The material, called PCM-22, is a crystal made of lanthanide ions and triphenylphosphine. When a chemical bonds to the material and a UV light shines on it, the material emits specific colors of visible light. Each chemical produces a unique eight-factor signature of color and brightness that can be used to identify and quantify it in an uncharacterized sample.

Humphrey envisions disposable paper dipsticks coated with the new material. The user would simply dip one into an uncharacterized substance and then stick it into a UV reader. The device would indicate what components are in the substance based on the colors of light emitted.

Scientists must first calibrate the sensor on known samples to create a catalog of fingerprints that can be used to identify the components of uncharacterized samples. Once this is done, the dipstick-type sensors would be relatively simple to produce, Humphrey said. He and UT Austin share joint patents on the sensor material and on the process of analyzing results; UT Austin's Office of Technology Commercialization has already begun work to license the technology to companies.

Another beneficial feature of PCM-22 is that it can distinguish between two types of water — the ordinary water (H2O) used in everyday life and so-called heavy water (D2O), used in the operation of medical and research imaging.

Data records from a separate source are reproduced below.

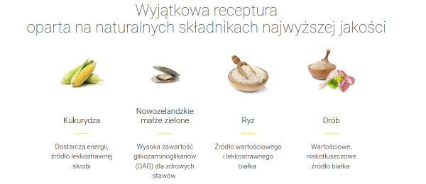 Dzięki taurynie i L-karnitynie, karma wspiera prawidłową pracę serca, a lekkostrawna receptura z wysokiej jakości składników, takich jak suszone białko drobiowe, ryż i wysłodki buraczane, zapewnia zdrową i zbilansowaną dietę. Karma jest również wzbogacona o małże nowozelandzkie, które pomagają w utrzymaniu zdrowych stawów.
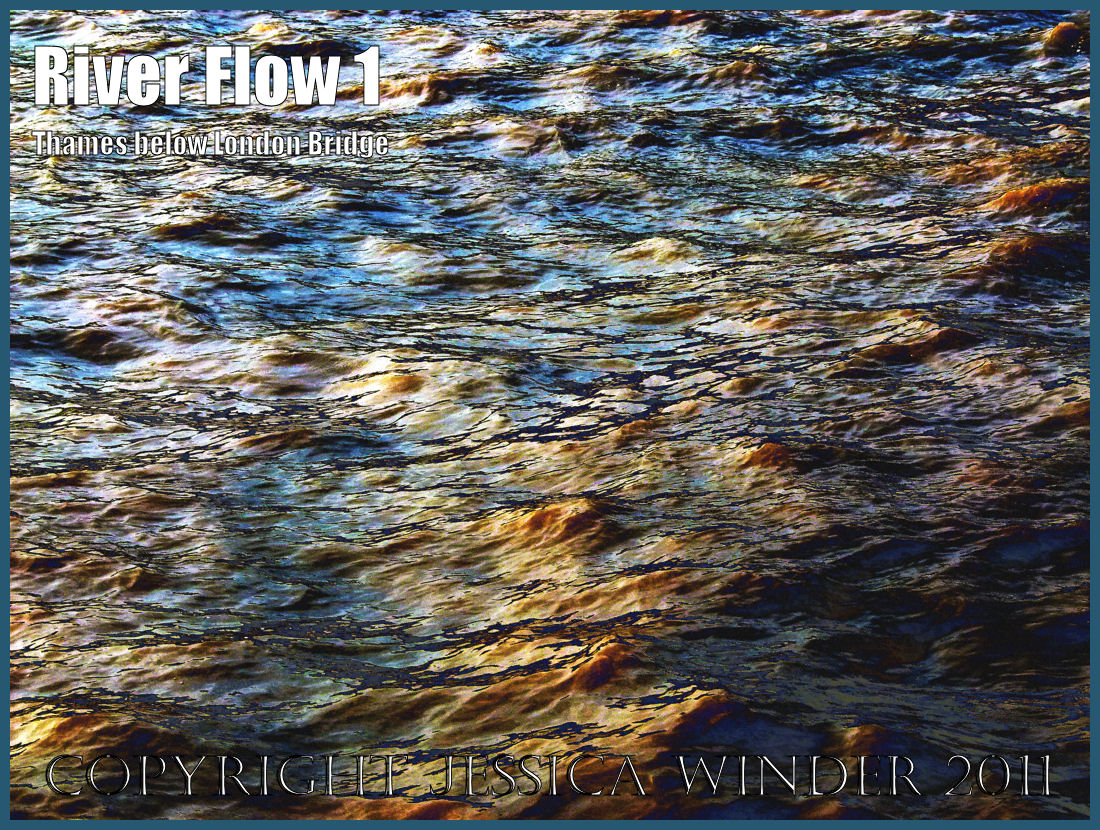 Flowing river: Impression of the ripples and reflections in the fast-flowing water of the River Thames just below London Bridge - digitally enhanced photograph (2)
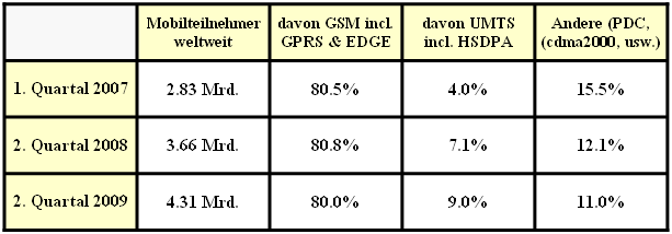 - Der GSM–Anteil lag zwischen 2006 und 2009 stabil bei etwa 80%. Der UMTS–Anteil (inkl. HSDPA) stieg von 2007 bis 2009 von 4% auf 9%, im wesentlichen auf Kosten des japanischen „PDC” und des amerikanischen Systems „cdma2000”.
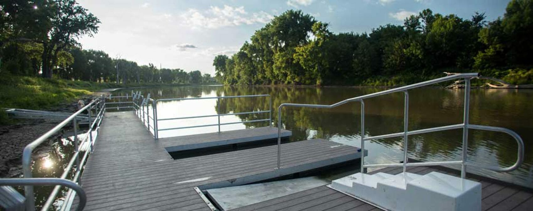 AccuDock has facilitated multiple government agency projects for National Park locations, DOI, FWS and various public marinas using the ADA Compliant Kayak and Canoe Launch docks. The standard sizes available are 12’ x 18’ with transfer platform and 3’ x 8’ safe launch, 16’ x 18’ with transfer platform and a 3’ x 12’ safe launch and a 16’ x 26’ with transfer platform and a 3’ x 12’ safe launch. ADA accessible Canoe Launch docks require a 4’ x 12’ canoe slip with an overhead assist bar. ADA floating docks can be customized for any location. There is no maximum space requirement.
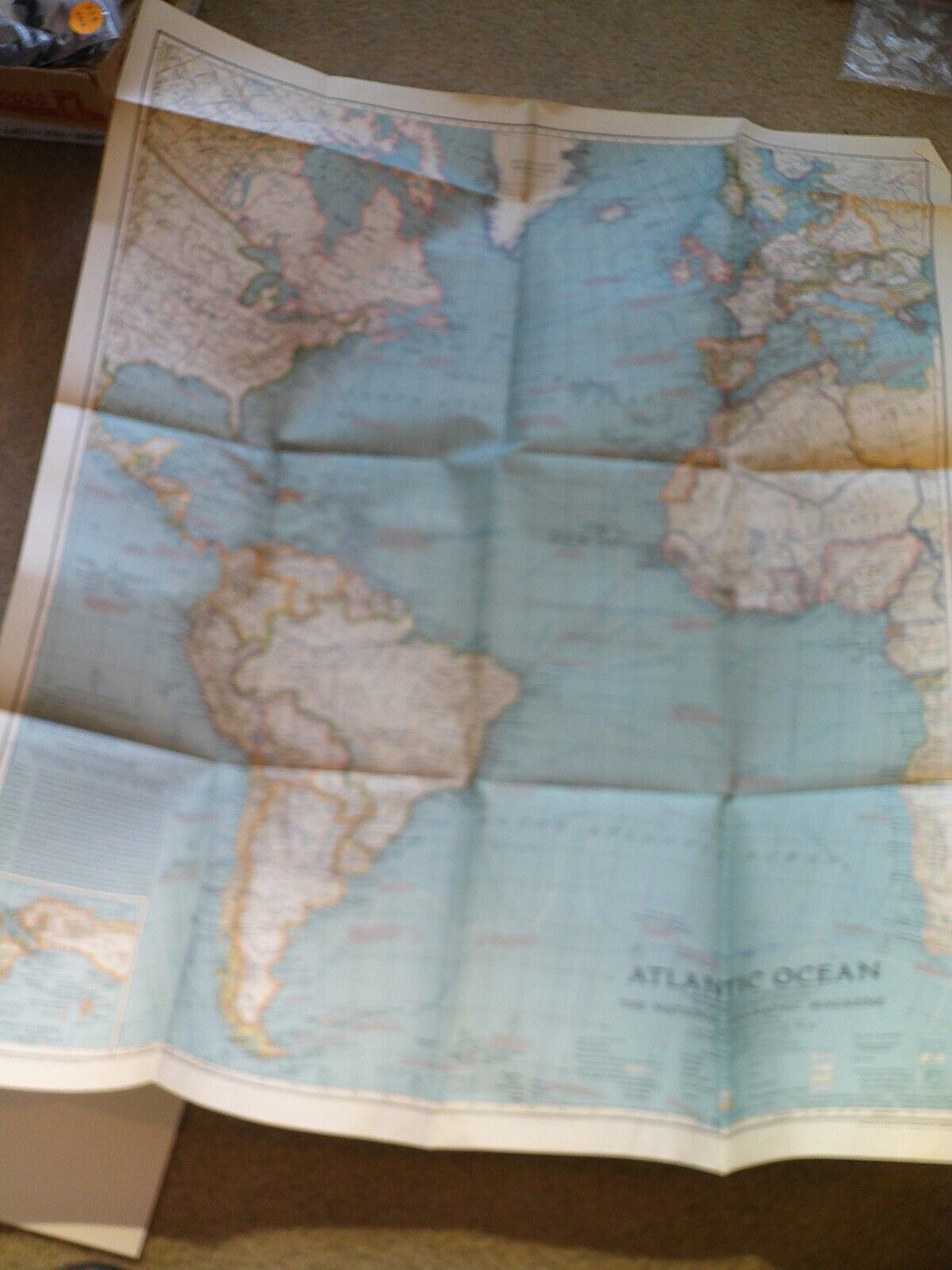 are bidding on a nice, large old, original 1939 dated, folded map from the National Geographic Society, a historical map of the Atlantic Ocean. About 31 inches tall, 24 3/4 inches wide. Light wear for a folded map with light wrinkles, great piece to frame. Zoom in for details.
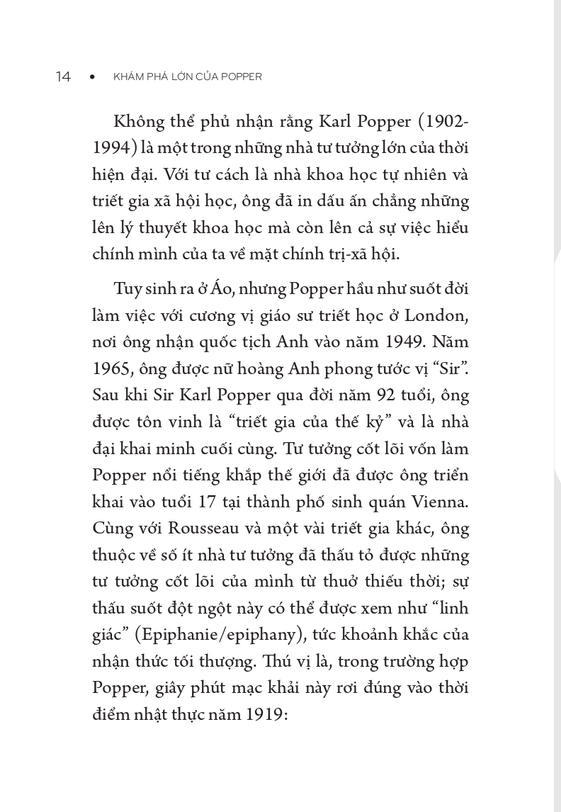 - Giới thiệu Những Nhà Tư Tưởng Lớn - Popper In 60 Minuten - Popper Trong 60 Phút Popper nêu ra lý tưởng về khoa học của “xã hội mở“: Mọi lý thuyết khoa học đều chỉ có giá trị hiệu lực cho đến khi nó bị phản bác bởi một ví dụ phản chứng hoặc bị thay thế bởi một lý thuyết chính xác hơn. Xã hội phải luôn luôn cởi mở đối với việc phê phán và đổi mới nhận thức của chúng ta Phương pháp thử và sai in dấu ấn lên sự tiến hóa. Từ muôn thuở, thực vật và động vật tối ưu hóa cơ may sống còn bằng những đột biến thất bại và thành công: Khoảng cách từ trùng a-míp đến Einstein chỉ là một bước. Triết học cho mọi người! Bộ sách Những nhà tư tưởng lớn lần đầu tiên trình bày sâu sắc công trình của các nhà triết học quan trọng nhất: Dễ hiểu, thú vị và rất thời sự.” – Martin Politowski “Tất cả đều được trình bày hết sức rành mạch: Phê phán của Popper đối với mọi chủ nghĩa toàn trị, yêu sách về xã hội mở, sự khích lệ những bước đi táo bạo trong khoa học và chính trị. Một gợi ý quan trọng trong thế giới đang tự mãn với chủ nghĩa tiêu thụ và lúng túng trong chính trị.”
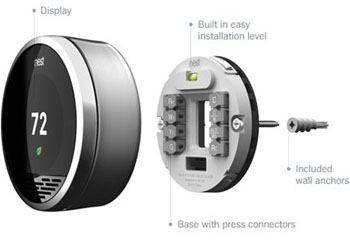 Из спецификаций следует, что устройство совместимо с 85% американских бытовых систем вентиляции и кондиционирования. Монтаж производится на место старого термостата (может понадобиться установка датчиков движения). При первом включении терморегулятор задает пользователю несколько вопросов: ZIP-код региона, режимы работы, интервал комфортной температуры и т.д. Дальнейшее управление температурным режимом возможно также с планшета, смартфона (пока поддерживаются iOS и Android) и через Интернет.
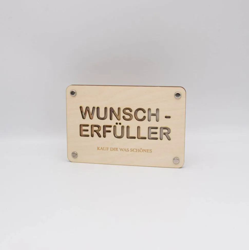 Mit der „Wunscherfüller“ Geldgeschenk-Karte aus Birkenholz überreichen Sie nicht nur ein Geschenk, sondern auch eine bleibende Erinnerung.

The two types of water are hard to tell apart because they look, and in most cases, behave the same chemically. With D2O, hydrogen atoms are replaced by deuterium atoms.

Because the new material makes distinguishing between the two types of water simpler, it could become much easier for government agencies to detect the presence of radioactive contamination in drinking water or other bodies of water such as lakes and rivers.

The new material, which is sensitive enough to detect concentrations of ordinary water as low as 10 parts per million in a solution of heavy water, could make it cheaper and faster to verify the purity of heavy water.

The research has been published in the journal Chem (doi.org/10.1016/j.chempr.2017.02.010).